== Excerpted records ==

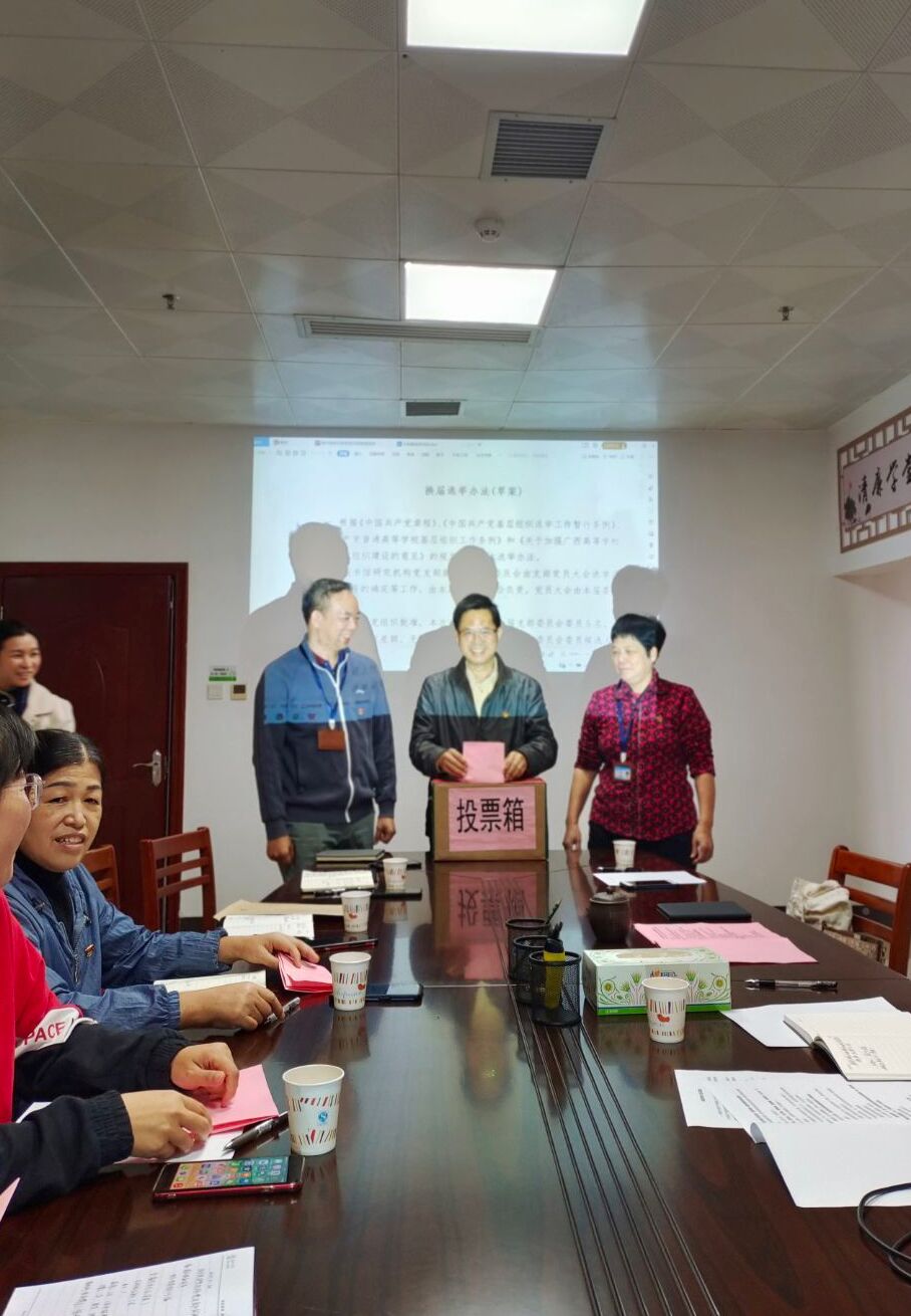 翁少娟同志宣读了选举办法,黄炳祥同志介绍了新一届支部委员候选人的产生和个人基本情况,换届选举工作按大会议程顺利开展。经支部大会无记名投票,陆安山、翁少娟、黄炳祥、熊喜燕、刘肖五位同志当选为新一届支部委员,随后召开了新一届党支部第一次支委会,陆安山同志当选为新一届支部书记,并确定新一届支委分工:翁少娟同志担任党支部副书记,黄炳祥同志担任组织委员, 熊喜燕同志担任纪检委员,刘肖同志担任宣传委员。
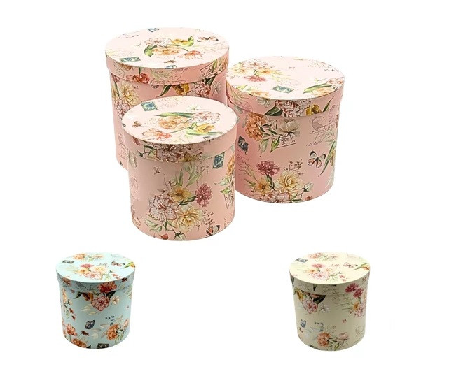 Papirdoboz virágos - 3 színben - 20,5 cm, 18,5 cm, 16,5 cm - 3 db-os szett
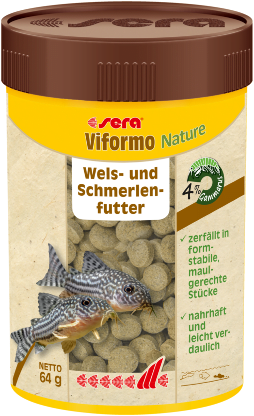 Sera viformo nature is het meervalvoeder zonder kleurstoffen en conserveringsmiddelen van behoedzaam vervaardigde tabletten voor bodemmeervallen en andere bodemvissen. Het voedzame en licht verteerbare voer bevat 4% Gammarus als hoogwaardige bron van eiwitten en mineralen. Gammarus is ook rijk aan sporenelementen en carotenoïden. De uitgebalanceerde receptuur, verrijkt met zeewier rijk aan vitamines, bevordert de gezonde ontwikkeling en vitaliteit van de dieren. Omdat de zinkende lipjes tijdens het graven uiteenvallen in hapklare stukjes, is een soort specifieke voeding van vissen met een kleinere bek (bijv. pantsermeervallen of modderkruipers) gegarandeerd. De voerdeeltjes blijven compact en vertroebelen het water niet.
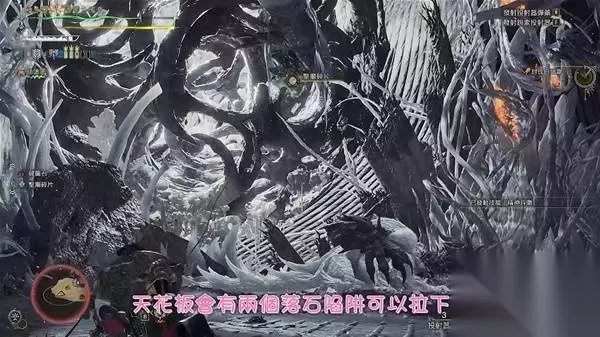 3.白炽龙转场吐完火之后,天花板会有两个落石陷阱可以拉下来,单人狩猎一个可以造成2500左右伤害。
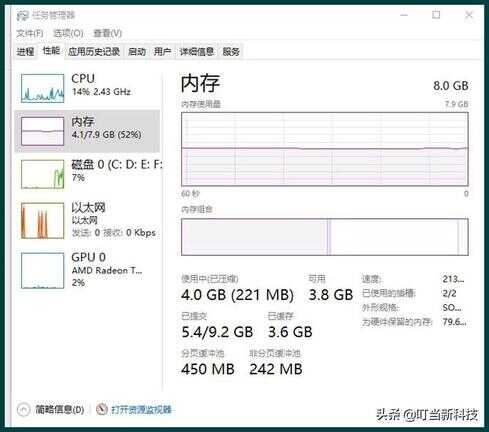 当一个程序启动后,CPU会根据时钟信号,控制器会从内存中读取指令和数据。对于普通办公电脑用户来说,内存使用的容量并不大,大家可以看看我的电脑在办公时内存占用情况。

===

#### Assignment
Leave every picture out, and repeat exactly the lines from the one containing "3.白炽龙转场吐完火之后,天" through the last line of the entries, both ends included.

#### Answer for this exercise
 3.白炽龙转场吐完火之后,天花板会有两个落石陷阱可以拉下来,单人狩猎一个可以造成2500左右伤害。
 当一个程序启动后,CPU会根据时钟信号,控制器会从内存中读取指令和数据。对于普通办公电脑用户来说,内存使用的容量并不大,大家可以看看我的电脑在办公时内存占用情况。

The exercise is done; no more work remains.